With possession kings Barcelona on our minds this week, I figured that this would be as good a time as any to look in a little more detail at the inner workings of the statistic itself. How does possession work?
It turns out, at least in Opta's case, that possession may not even exist. It's reported, sure, but rumour had it that the formula was simply passes attempted by one team over total passes attempted in a game, which would be more accurately defined as pass volume (Vp).
This, to me, was a silly rumour. I've designed statistics before, and the first thing you do when you plot out a serious stat is run through the internal logic. There are so many design flaws in a 'possession' stat that simply uses Vp that I found the idea essentially impossible to accept straight up.
So I ran some tests to see how closely I can predict Opta's possession numbers by pass volume. I figured that a hypothetical ideal possession statistic would have a very strong correlation with Vp, because you can't pass the ball unless you have it in the first place, but there'd be other important factors as well. In my mind, I was expecting Vp to correlate with possession in the 0.6-0.8 range.

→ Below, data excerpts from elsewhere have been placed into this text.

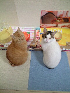 私達がケーキを食べてるときに、おやつをあげたら、座ってるから、もっとちょうだいと
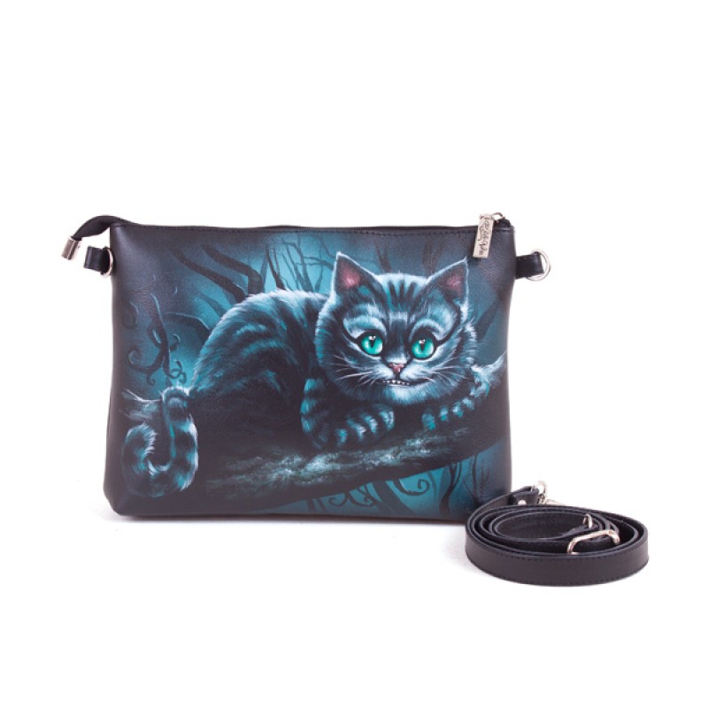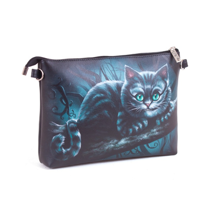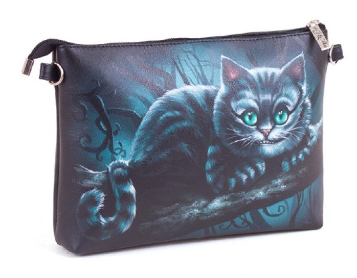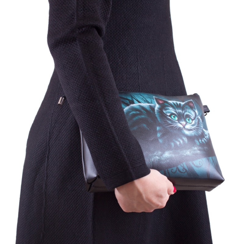 Женская кожаная сумка через плечо с рисунком ручной работы "Чешир на ветке" на заказ | Купить в Sumnizza
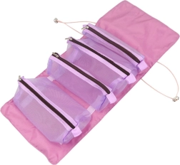Es perfecto para cosméticos, joyas y artículos de higiene, así como pequeños accesorios. Gracias al gancho colgante se coloca fácilmente en el baño o durante tus viajes. El material textil ligero y las dimensiones compactas lo convierten en el compañero ideal para bolso, mochila y maleta.
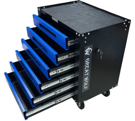 Купил данную тележку и не пожалел. Восемь вместительных ящиков позволяют организовать хранение большого количества инструментов, а боковое отделение удобно для хранения расходников, мелочевки. Тележка выполнена из прочного металла, колеса надежные, с тормозом, что обеспечивает устойчивость и мобильность. В целом, выбором доволен.

After a morning of running checks with help from WhoScored's excellent statistics database, I ended up with a correlation that was basically 1.0. Vp is Opta's possession statistic. To the right is the result of one of those checks, a graph of Vp vs. reported possession from the Champions League knockout stages. I've added a line for y=x, in case it wasn't clear enough that they're the same statistic to within rounding error.
This is bad. This is really, really really bad. Why? Because we're seeing something presented completely incorrectly. Sure, Vp has to inherently match up to possession to some extent - they're measuring something close to the same thing. But that doesn't mean that they are the same thing, and it doesn't mean it's acceptable to simply label Vp as possession without any apparent thought.
If the general public has a perception of possession as being a time based statistic, the data providers have, in my view, an obligation to provide that statistic. The formula has to be some variant of time over time in order to be a valid measurement of possession as most of the world understands it.
Instead, in this framework, the basic unit of possession appears to be the pass attempt*, meaning that unless you try to play a pass, you have not possessed the ball. If true, and the correlations we're looking at sure make it seem like it, that leads to a whole catalogue of problems.
*If this isn't the intent of the construct, it does a superb job of ignoring all other terms. It's entirely possible that Opta are counting the volume of player possession endpoints, which tends to be heavily dominated by passes, and that that domination is such that the other terms are reduced to the scale of rounding errors. The same criticisms apply.
The first and most obvious is the assumption that all teams will pass as frequently while on the ball. This is obviously untrue, and it stops any chance of Vp mapping to true possession. Imagine you have one team in ostensible control of the match half the time that passes at half the rate of their opponents. The resulting 'possession' figure, would have the first team at 33 percent of possession and the second team at 67 just because the one team plays the ball faster. That's a bizarre error to introduce.
We're also looking at situations in which a missed pass appears to count for more than holding the ball in the corner flag for thirty seconds. A one-two between players counts for two units of possession - the first player simply retaining possession of the ball over that period of time counts for none. The issue here is that we're treating a football match as though it steps through a series of events rather than through a continuum.
If we treat the sport as though things only happen when we measure them happening, and then deliberately choose not to measure mundane events (such as holding possession), we're going to end up with a very, very confused situation. That's what appears to be happening here.
I'm completely fine with keeping track of passing volume - I've done it before myself. What's frustrating, from an analyst's point of view, is that we're being sold a dud. A statistic that ostensibly measures possession measures something that is not possession, and gets repeated as authoritative anyway.
And people wonder why football statistics don't get taken very seriously.